** Work instruction **
From the records below, please print only the lines from the one containing "Оперативна інформація щодо" through the one containing "At trial in", both included. Skip the pictures.

** Supplied records **
● ● ● ● ● ● ●
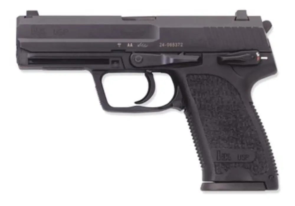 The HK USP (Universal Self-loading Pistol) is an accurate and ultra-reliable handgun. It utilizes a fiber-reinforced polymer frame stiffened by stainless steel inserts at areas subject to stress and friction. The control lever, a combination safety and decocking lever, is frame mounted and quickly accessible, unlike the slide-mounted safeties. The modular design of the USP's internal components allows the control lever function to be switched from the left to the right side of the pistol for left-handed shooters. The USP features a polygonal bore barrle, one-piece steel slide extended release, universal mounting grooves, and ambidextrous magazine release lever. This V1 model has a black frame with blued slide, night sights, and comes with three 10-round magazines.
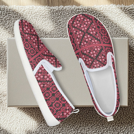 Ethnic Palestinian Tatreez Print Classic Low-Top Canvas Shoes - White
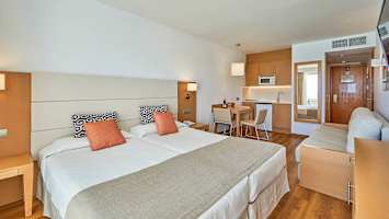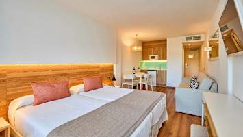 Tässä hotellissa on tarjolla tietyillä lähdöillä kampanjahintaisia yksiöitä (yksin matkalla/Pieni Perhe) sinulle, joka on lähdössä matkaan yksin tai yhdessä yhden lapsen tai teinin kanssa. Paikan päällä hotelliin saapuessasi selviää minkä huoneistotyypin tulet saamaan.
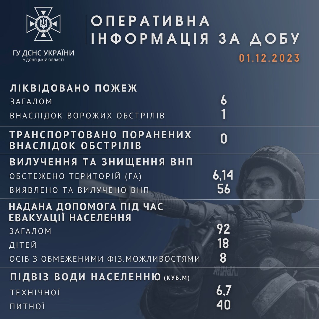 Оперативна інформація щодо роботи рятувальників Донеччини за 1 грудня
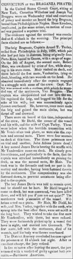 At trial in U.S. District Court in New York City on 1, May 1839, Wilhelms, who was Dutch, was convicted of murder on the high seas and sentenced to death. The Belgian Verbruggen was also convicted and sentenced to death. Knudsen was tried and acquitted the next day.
● ● ● ● ● ● ●
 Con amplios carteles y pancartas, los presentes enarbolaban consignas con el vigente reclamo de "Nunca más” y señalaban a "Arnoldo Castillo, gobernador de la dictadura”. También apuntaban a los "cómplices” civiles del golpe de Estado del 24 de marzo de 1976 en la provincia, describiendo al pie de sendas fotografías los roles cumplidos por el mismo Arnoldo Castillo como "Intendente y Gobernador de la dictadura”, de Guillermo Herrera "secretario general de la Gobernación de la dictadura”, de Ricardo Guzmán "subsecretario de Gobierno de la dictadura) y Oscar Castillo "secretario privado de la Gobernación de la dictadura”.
● ● ● ● ● ● ●
** Your response **
 Оперативна інформація щодо роботи рятувальників Донеччини за 1 грудня
 At trial in U.S. District Court in New York City on 1, May 1839, Wilhelms, who was Dutch, was convicted of murder on the high seas and sentenced to death. The Belgian Verbruggen was also convicted and sentenced to death. Knudsen was tried and acquitted the next day.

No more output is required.